Вагоны шли привычной линией,

Подрагивали и скрипели;

Молчали желтые и синие;

В зеленых плакали и пели.

В критике отмечалось несомненное родство этого стихотворения со знаменитой некрасовской „Тройкой“ („Что ты жадно глядишь на дорогу…“). Но важнее, пожалуй, помнить другое. Среди символистов к подобному сюжету тяготел не один Блок. Его старший современник К. Д. Бальмонт за семь лет до появления блоковского стихотворения писал в статье о Некрасове: „Бесконечная тянется дорога, и на ней вслед промчавшейся тройке с тоскою глядит красивая девушка, придорожный цветок, который сомнется под тяжелым грубым колесом“.
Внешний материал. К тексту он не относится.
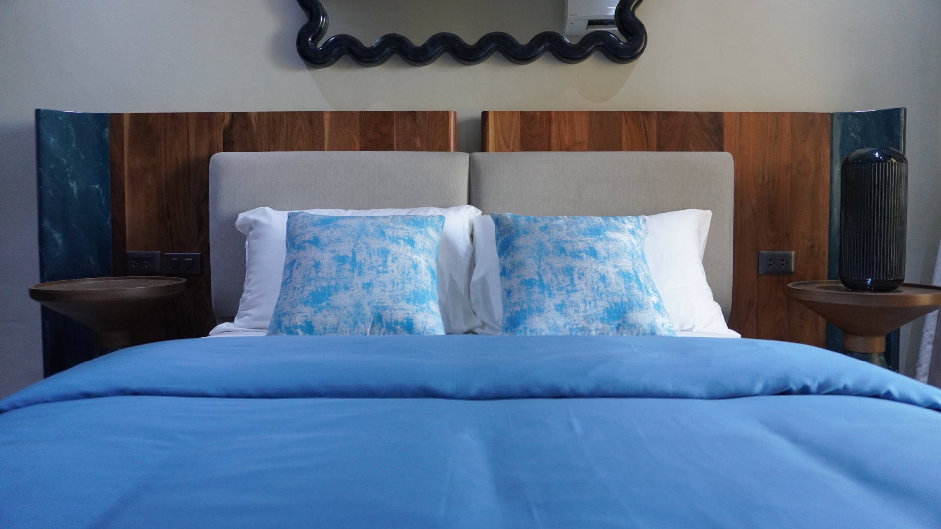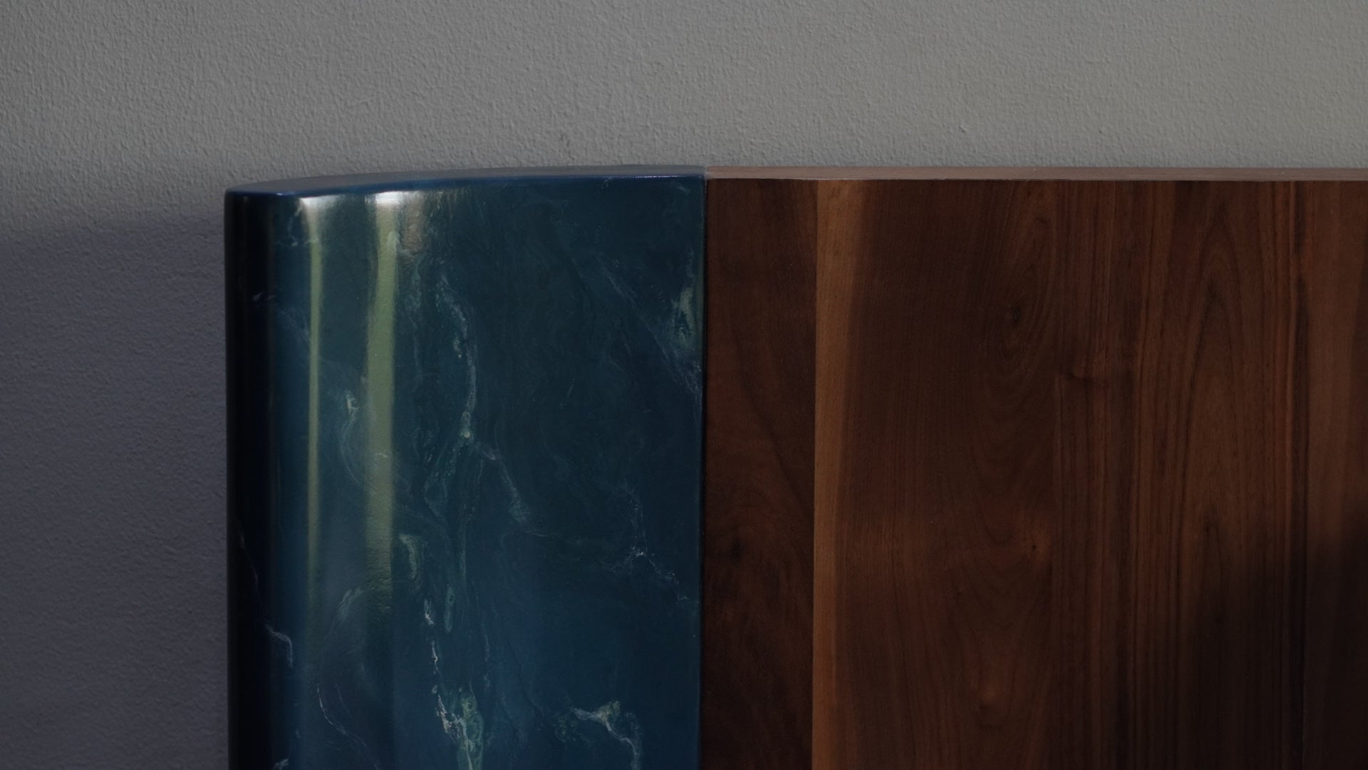 This bed is a refined blend of natural warmth and contemporary artistry. The headboard is crafted from rich walnut wood, its deep, earthy tones beautifully contrasted by a blue resin accent that flows through the design like a quiet ribbon of water. The resin detail adds a subtle sense of movement and modern character, elevating the headboard beyond the traditional.
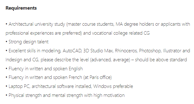 - 优秀的造型技巧,AutoCAD,3D Studio MAX,Rhinoceros,Photoshop,lluStrator,InDesign和CG(会其他语言一一特别是中文(普通话)、韩语、法语、西班牙语、德语意大利语和日语一一强烈推荐(在东京办公室)在复杂的环境中积极主动、自律、自信,工作努力,有团队合作精神,准确、准时、动手、有条理。)

В этом пересказе „Тройки“ Бальмонт явственно приоткрыл „родословную“ собственного стихотворения „Придорожные травы“:

Спите, полумертвые, увядшие цветы,

Так и не узнавшие расцвета красоты,

Близ путей заезженных взращенные творцом,

Смятые невидевшим тяжелым колесом…

Вот, полуизломаны, лежите вы в пыли,

Вы, что в небо дальнее светло глядеть могли,

Вы, что встретить счастие могли бы, как и все,

В женственной, в нетронутой, в девической красе.

Спите же, взглянувшие на страшный пыльный путь,

Вашим равным-царствовать, а вам — навек уснуть,

Богом обделенные на празднике мечты,

Спите, не видавшие расцвета красоты.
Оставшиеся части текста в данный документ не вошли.